In the Phase 2b portion of the RESOLVE study, patients will be randomized into up to 3 resomelagon dose groups or placebo, all administered once daily for 12 weeks as add-on treatment to stable background MTX treatment. The total study population may be up to 300 patients, depending on the number of dose groups of resomelagon selected for evaluation.

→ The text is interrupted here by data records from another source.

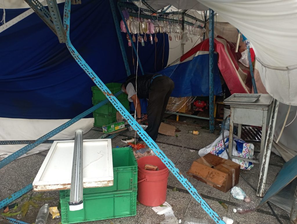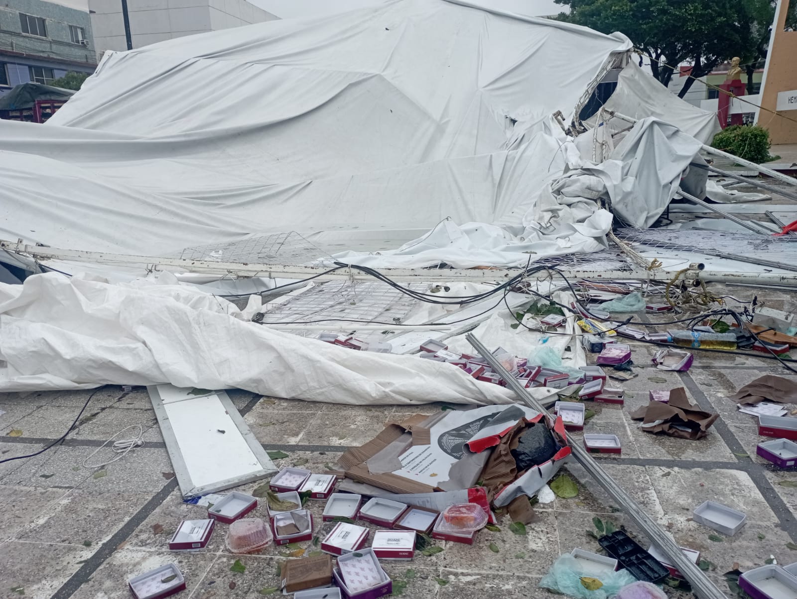 Los artesanos y emprendedores reportaron pérdidas materiales de consideración, ya que sus mercancías se vieron dañadas por la caída de los tubos metálicos, luego de que las cuerdas que sujetaban las carpas cedieran cayendo sobre los locales que se habían montado desde el pasado día sábado.
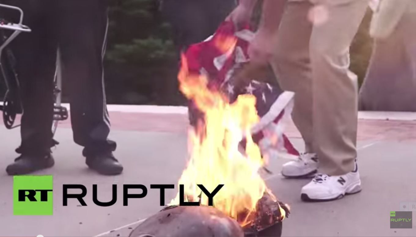 The flag-burning protesters, from the anti-police brutality group Disarm NYPD, took to Fort Greene Park on Wednesday evening and placed the Confederate flag in a barbecue pit. But when they began burning the American flag, bystanders, veterans and a biker group aggressively intervened and violence broke out, according to the New York Daily News.
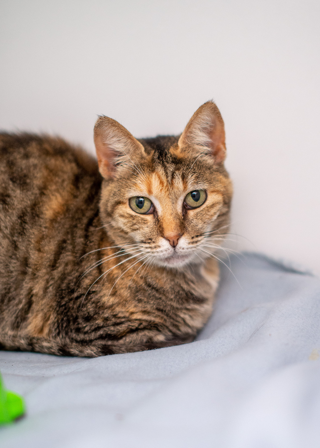 Honey Comb is a lovely older girl, sweet and cuddly. She is cat social with other quieter, calmer cats, as she lived with 2 others previously.

The objectives of the RESOLVE study are to evaluate the efficacy and safety of resomelagon vs placebo when added to background MTX therapy in DMARD-IR patients. The safety of resomelagon will be assessed by comparing resomelagon against placebo for adverse events, physical examinations, vital sign measurements, ECG, and clinical laboratory testing (hematology, chemistry, and urinalysis). The primary efficacy endpoint is the effect of resomelagon (AP1189) compared to placebo evaluated by the ACR20 response. The effect will additionally be evaluated by ACR50, ACR70, CDAI, DAS-28, CRP, the need for rescue medication, inflammatory and collagen turnover biomarkers, HAQ-DI and FACIT-Fatigue. In part B changes in imaging parameters reflecting joint inflammation (DCE-MRI) from baseline to week 12 will be evaluated in a subgroup of patients.